» What needs to be done: Through the line with "Der Besitz Venetiens" and starting from the first line, return the records below word for word, with pictures left out.

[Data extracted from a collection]

--

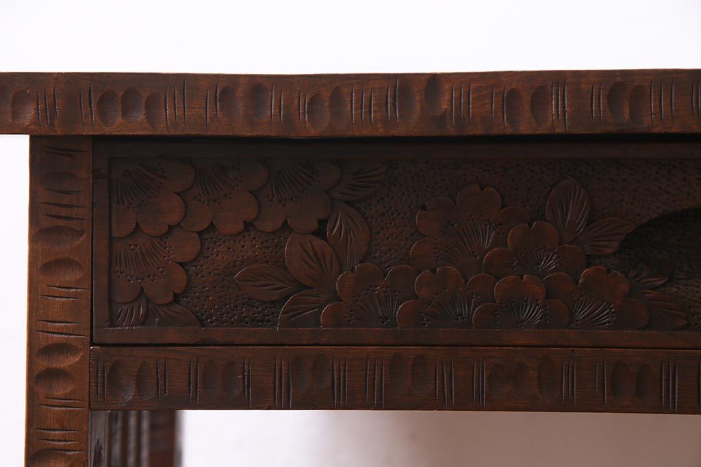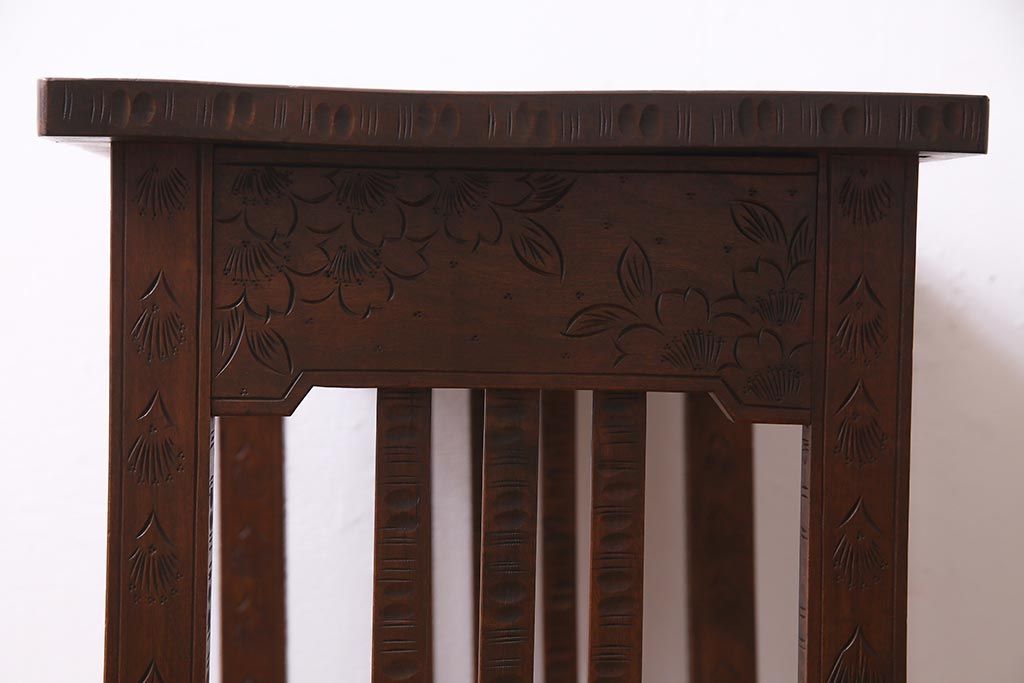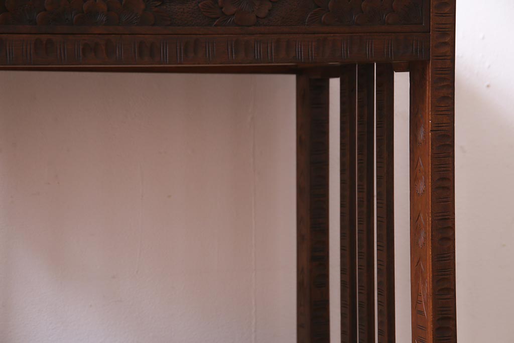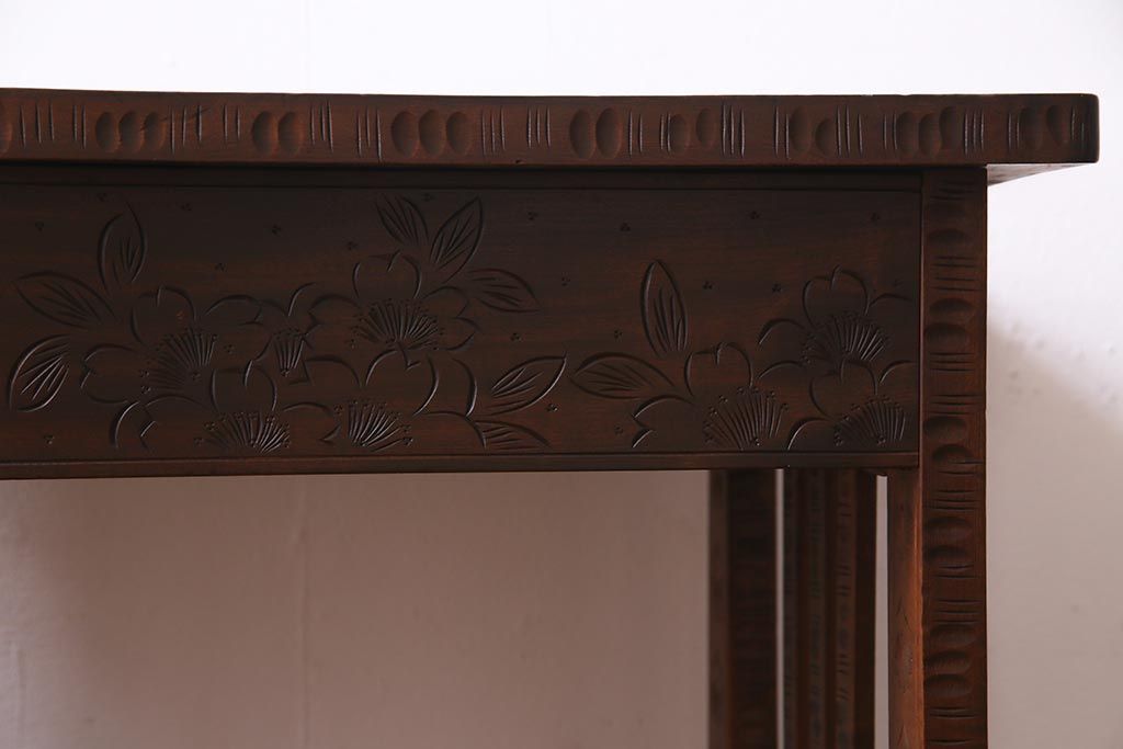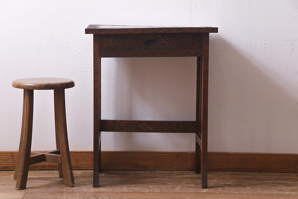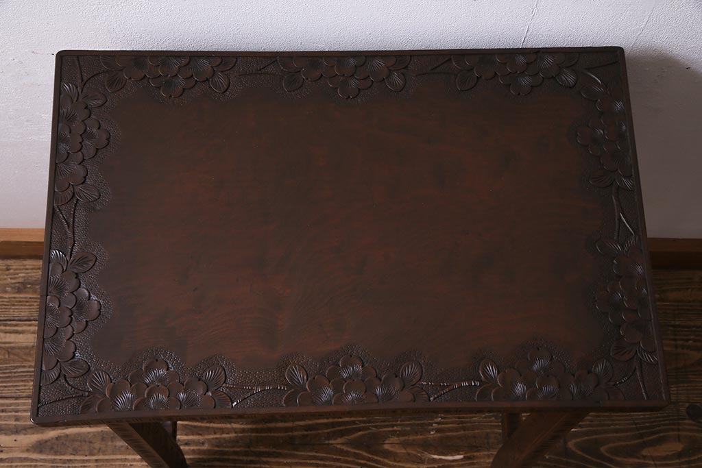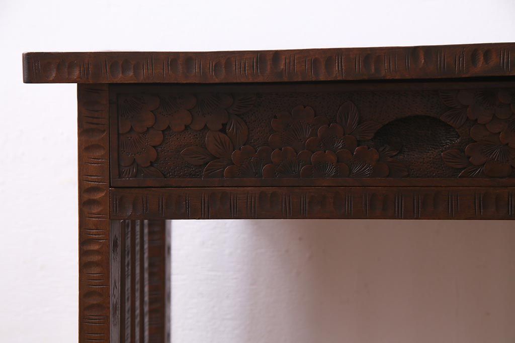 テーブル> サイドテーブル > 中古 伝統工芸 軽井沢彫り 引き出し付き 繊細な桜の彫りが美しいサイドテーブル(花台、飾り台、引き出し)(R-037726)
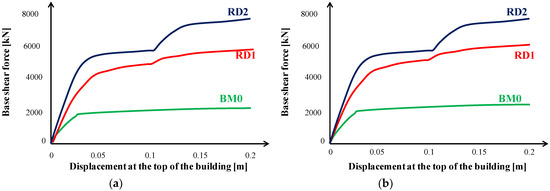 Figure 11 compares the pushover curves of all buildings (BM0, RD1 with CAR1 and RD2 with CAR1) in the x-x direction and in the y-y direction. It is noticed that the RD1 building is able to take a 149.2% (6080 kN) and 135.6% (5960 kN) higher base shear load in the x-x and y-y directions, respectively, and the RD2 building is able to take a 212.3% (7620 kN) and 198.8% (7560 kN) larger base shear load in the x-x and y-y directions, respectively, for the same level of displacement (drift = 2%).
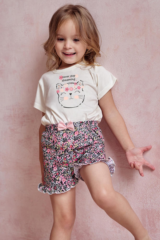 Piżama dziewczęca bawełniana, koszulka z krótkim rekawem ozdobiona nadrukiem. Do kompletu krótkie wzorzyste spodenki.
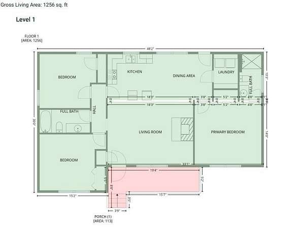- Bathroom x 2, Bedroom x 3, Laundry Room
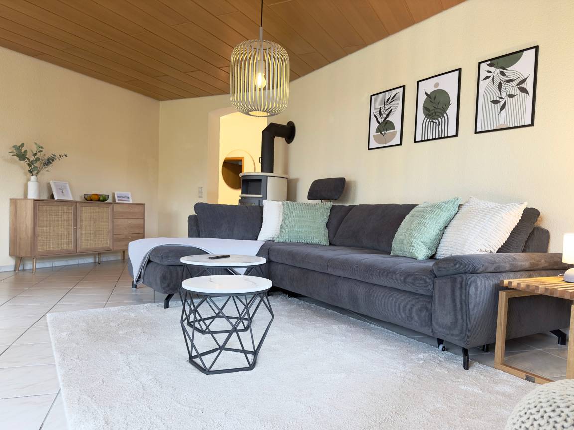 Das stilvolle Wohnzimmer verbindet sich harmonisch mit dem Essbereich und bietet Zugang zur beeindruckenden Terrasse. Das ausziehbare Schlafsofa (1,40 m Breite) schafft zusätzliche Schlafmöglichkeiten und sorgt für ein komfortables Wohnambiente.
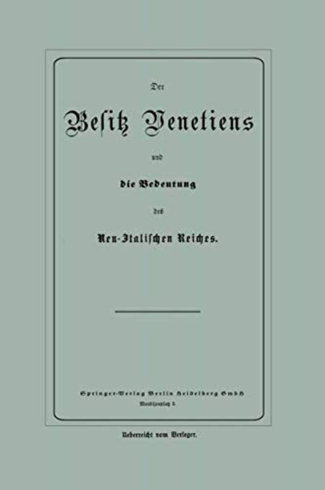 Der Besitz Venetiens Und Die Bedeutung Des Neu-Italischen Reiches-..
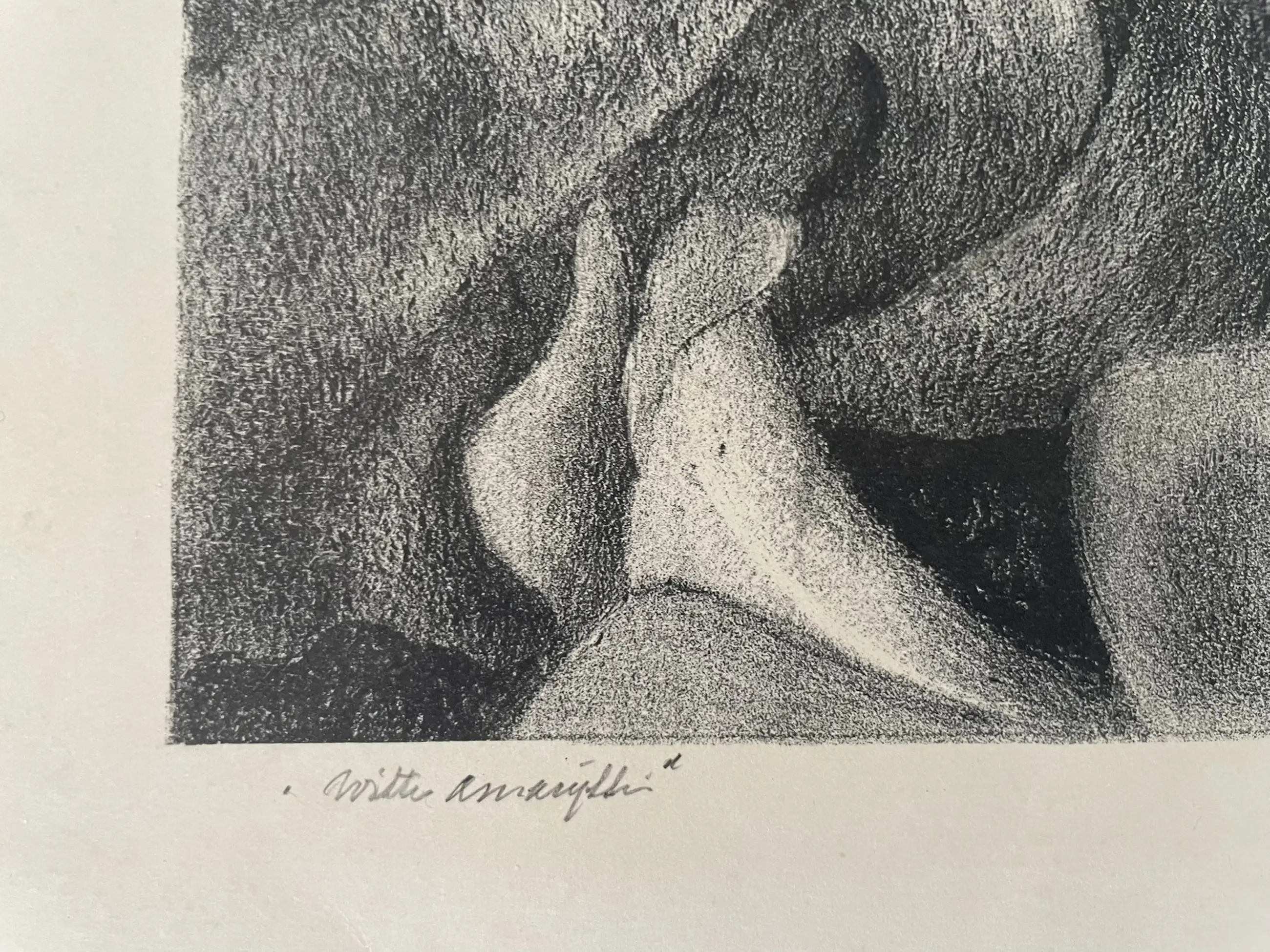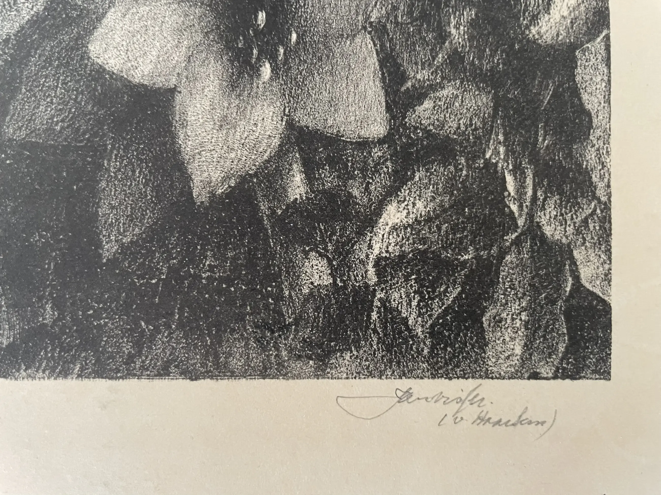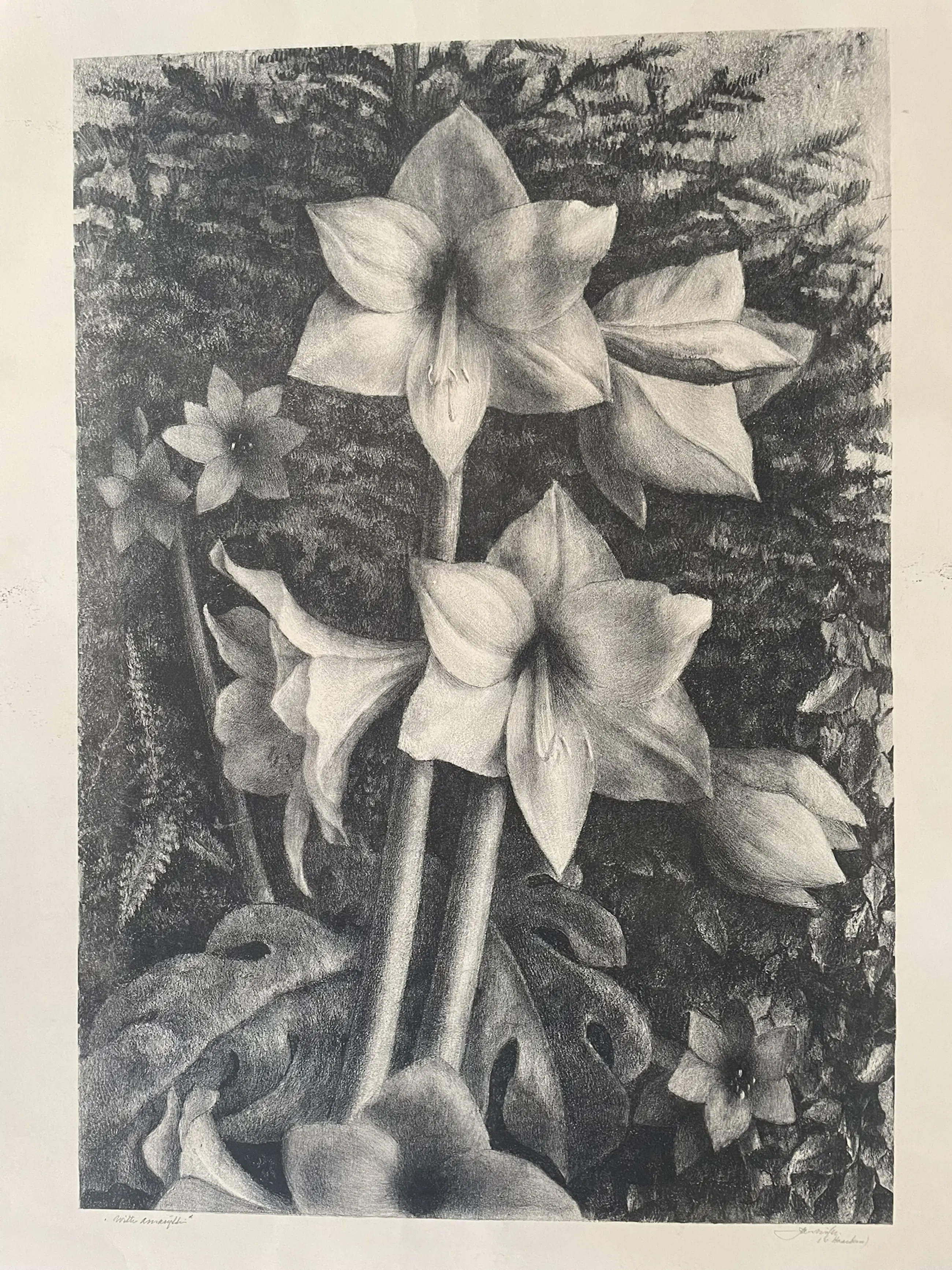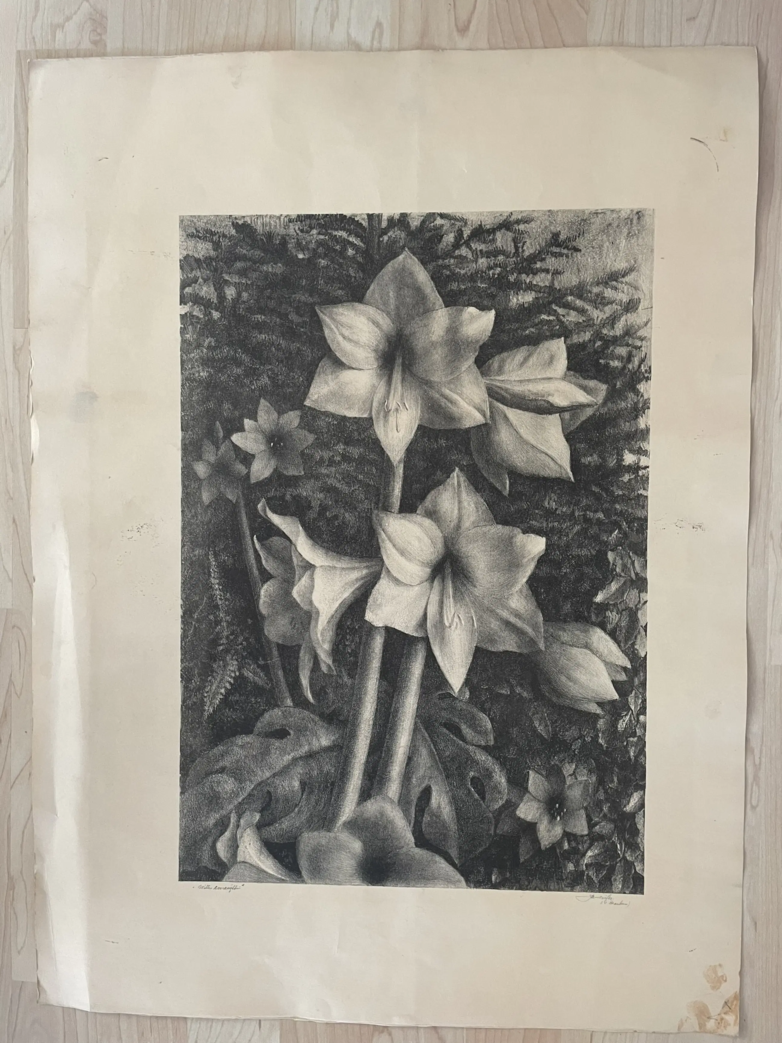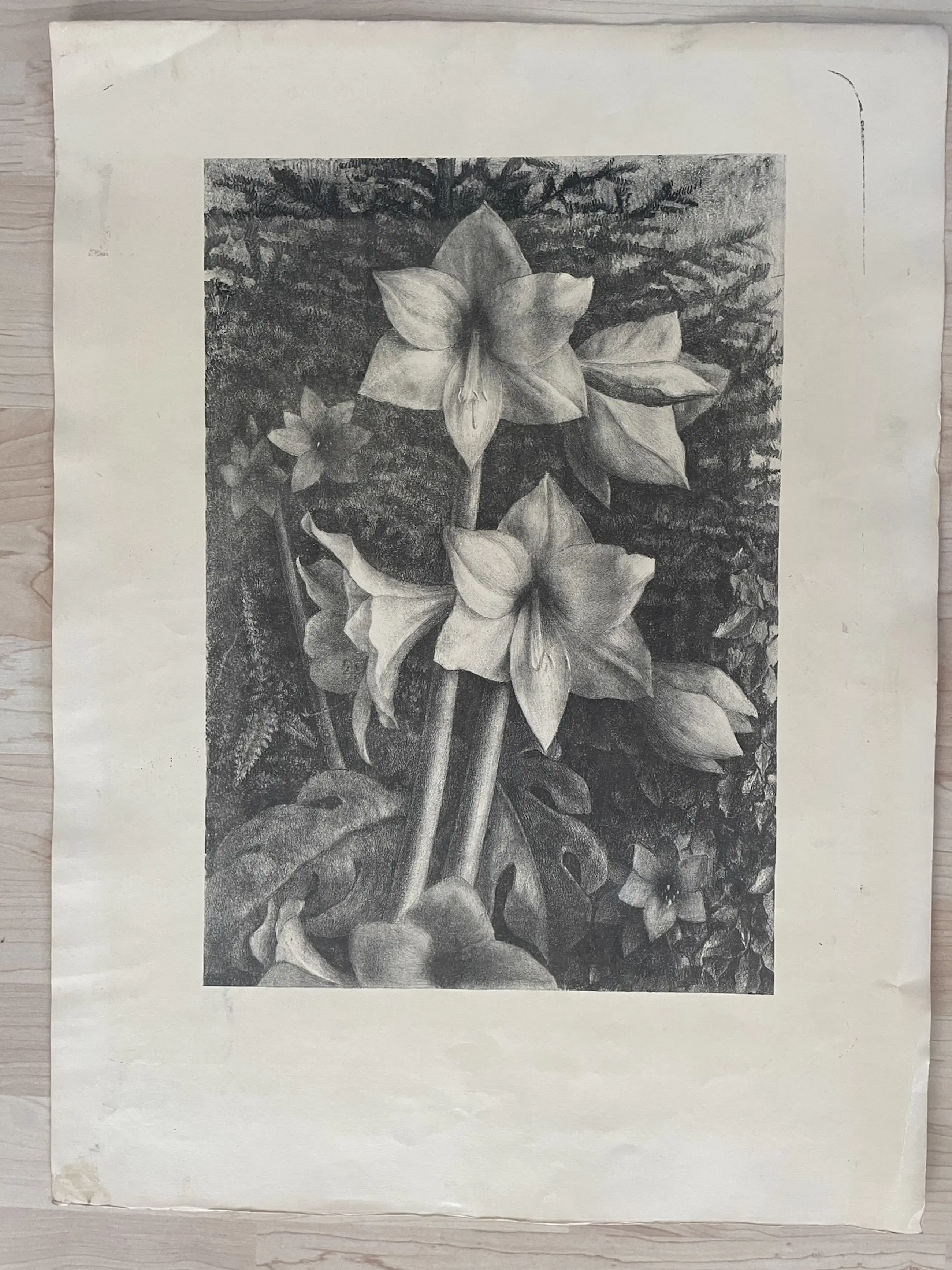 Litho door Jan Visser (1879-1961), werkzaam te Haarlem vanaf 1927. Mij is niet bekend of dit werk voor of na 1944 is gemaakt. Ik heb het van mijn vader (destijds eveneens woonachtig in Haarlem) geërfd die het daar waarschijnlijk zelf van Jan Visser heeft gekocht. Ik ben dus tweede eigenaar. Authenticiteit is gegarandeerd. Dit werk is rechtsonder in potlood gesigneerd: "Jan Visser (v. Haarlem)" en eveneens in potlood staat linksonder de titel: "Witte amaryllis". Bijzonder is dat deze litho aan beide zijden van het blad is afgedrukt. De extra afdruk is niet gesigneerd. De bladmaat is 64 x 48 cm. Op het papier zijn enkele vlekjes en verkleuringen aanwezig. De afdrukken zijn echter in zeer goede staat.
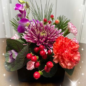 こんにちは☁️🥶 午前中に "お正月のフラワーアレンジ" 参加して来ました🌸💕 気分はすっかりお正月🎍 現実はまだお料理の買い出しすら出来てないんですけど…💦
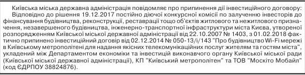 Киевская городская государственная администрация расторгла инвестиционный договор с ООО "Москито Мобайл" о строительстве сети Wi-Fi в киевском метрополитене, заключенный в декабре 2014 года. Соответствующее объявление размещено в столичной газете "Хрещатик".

--

» Result of the exercise:
 テーブル> サイドテーブル > 中古 伝統工芸 軽井沢彫り 引き出し付き 繊細な桜の彫りが美しいサイドテーブル(花台、飾り台、引き出し)(R-037726)
 Figure 11 compares the pushover curves of all buildings (BM0, RD1 with CAR1 and RD2 with CAR1) in the x-x direction and in the y-y direction. It is noticed that the RD1 building is able to take a 149.2% (6080 kN) and 135.6% (5960 kN) higher base shear load in the x-x and y-y directions, respectively, and the RD2 building is able to take a 212.3% (7620 kN) and 198.8% (7560 kN) larger base shear load in the x-x and y-y directions, respectively, for the same level of displacement (drift = 2%).
 Piżama dziewczęca bawełniana, koszulka z krótkim rekawem ozdobiona nadrukiem. Do kompletu krótkie wzorzyste spodenki.
- Bathroom x 2, Bedroom x 3, Laundry Room
 Das stilvolle Wohnzimmer verbindet sich harmonisch mit dem Essbereich und bietet Zugang zur beeindruckenden Terrasse. Das ausziehbare Schlafsofa (1,40 m Breite) schafft zusätzliche Schlafmöglichkeiten und sorgt für ein komfortables Wohnambiente.
 Der Besitz Venetiens Und Die Bedeutung Des Neu-Italischen Reiches-..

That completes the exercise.